_WHAT IS EXPECTED_: Find the line with "第二步:插入 3 ,与根结点" in the entries below, then reproduce it and every line after it down to and including the line with "Vu à Vicky street", exactly.

_INPUT_:

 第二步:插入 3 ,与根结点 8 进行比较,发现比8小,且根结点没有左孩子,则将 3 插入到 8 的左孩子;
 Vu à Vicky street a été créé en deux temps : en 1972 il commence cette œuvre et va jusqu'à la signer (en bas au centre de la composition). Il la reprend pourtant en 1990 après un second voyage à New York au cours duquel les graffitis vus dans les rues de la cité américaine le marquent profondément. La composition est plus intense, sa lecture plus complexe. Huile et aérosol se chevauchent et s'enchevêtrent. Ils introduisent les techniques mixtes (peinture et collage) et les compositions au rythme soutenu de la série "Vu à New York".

* * *

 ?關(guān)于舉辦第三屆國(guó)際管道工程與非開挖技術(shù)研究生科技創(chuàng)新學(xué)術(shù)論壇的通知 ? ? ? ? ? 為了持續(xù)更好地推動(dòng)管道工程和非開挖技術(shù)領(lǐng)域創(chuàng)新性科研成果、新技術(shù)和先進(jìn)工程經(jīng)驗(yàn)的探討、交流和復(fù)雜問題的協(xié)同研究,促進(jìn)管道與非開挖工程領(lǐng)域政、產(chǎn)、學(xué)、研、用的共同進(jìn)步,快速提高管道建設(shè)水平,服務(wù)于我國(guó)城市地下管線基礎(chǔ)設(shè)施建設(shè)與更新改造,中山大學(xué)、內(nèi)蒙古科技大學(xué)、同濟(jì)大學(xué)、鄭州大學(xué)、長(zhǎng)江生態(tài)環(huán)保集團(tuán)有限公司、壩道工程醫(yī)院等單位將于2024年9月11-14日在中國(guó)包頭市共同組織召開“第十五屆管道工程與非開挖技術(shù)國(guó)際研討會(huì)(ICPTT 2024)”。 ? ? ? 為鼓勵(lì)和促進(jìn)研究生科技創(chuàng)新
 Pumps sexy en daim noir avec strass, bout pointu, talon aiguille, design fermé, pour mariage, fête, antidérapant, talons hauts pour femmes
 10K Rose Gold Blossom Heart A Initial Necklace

_OUTPUT FOR THIS EXERCISE_:
 第二步:插入 3 ,与根结点 8 进行比较,发现比8小,且根结点没有左孩子,则将 3 插入到 8 的左孩子;
 Vu à Vicky street a été créé en deux temps : en 1972 il commence cette œuvre et va jusqu'à la signer (en bas au centre de la composition). Il la reprend pourtant en 1990 après un second voyage à New York au cours duquel les graffitis vus dans les rues de la cité américaine le marquent profondément. La composition est plus intense, sa lecture plus complexe. Huile et aérosol se chevauchent et s'enchevêtrent. Ils introduisent les techniques mixtes (peinture et collage) et les compositions au rythme soutenu de la série "Vu à New York".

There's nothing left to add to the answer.